Your task >> Copy the lines below word for word, skipping any image.

Provided data >>
—————

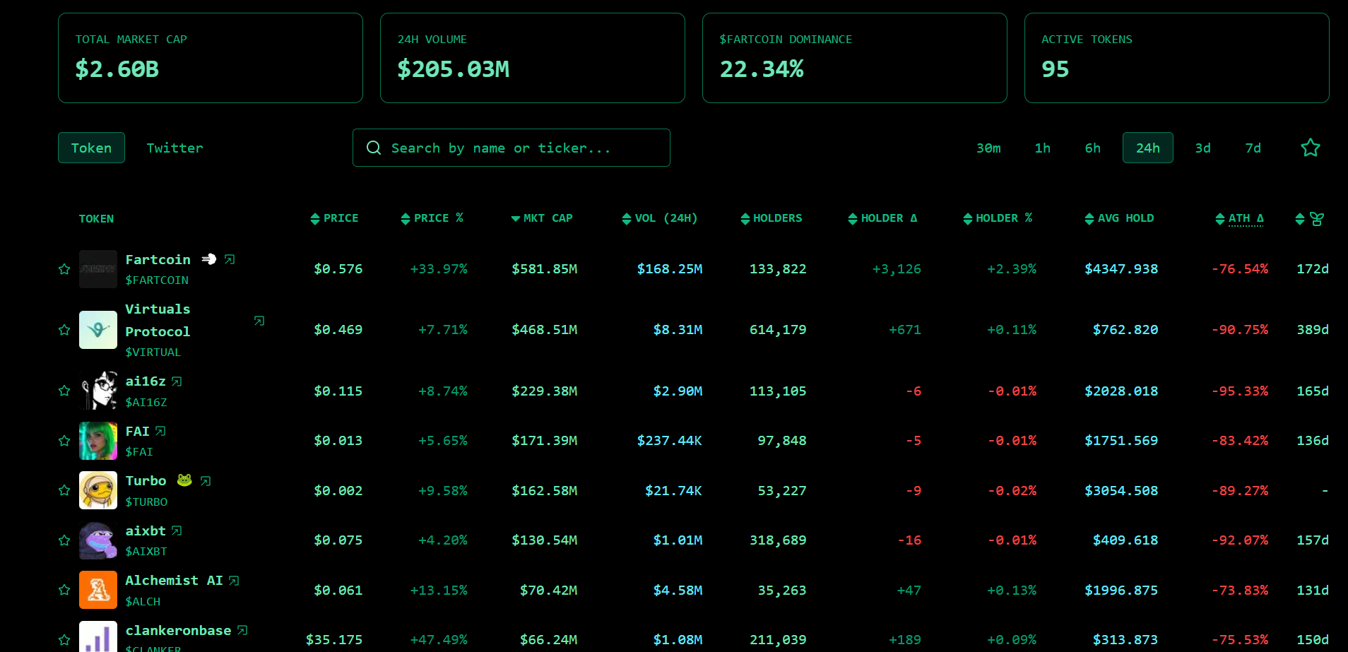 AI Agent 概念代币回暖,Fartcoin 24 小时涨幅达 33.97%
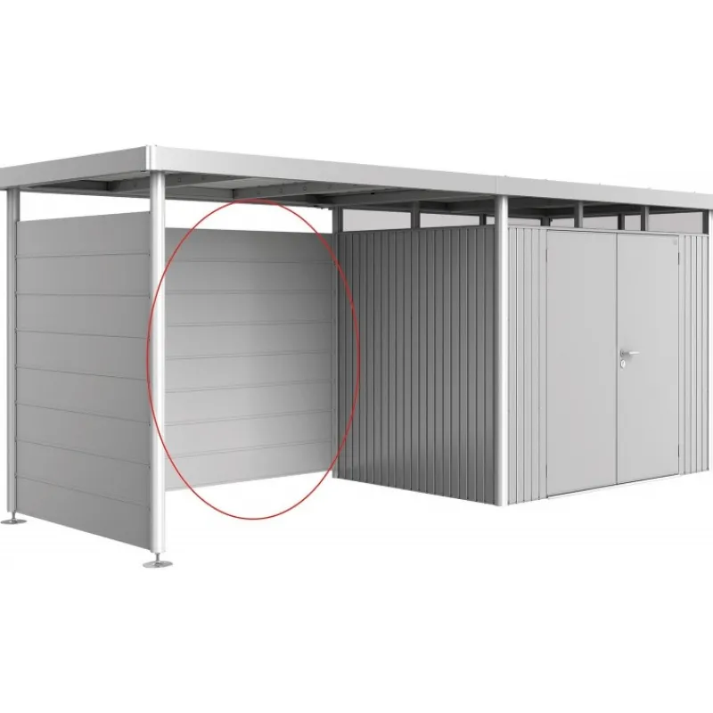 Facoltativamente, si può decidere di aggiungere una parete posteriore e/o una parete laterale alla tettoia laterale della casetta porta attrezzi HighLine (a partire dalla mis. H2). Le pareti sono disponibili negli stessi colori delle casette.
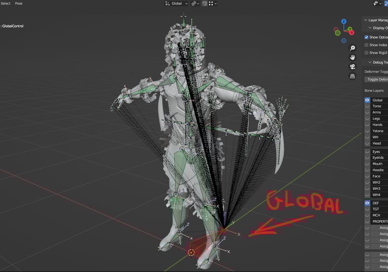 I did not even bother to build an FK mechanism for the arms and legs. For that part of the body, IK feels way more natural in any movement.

—————

Solution to this exercise >>
 AI Agent 概念代币回暖,Fartcoin 24 小时涨幅达 33.97%
 Facoltativamente, si può decidere di aggiungere una parete posteriore e/o una parete laterale alla tettoia laterale della casetta porta attrezzi HighLine (a partire dalla mis. H2). Le pareti sono disponibili negli stessi colori delle casette.
 I did not even bother to build an FK mechanism for the arms and legs. For that part of the body, IK feels way more natural in any movement.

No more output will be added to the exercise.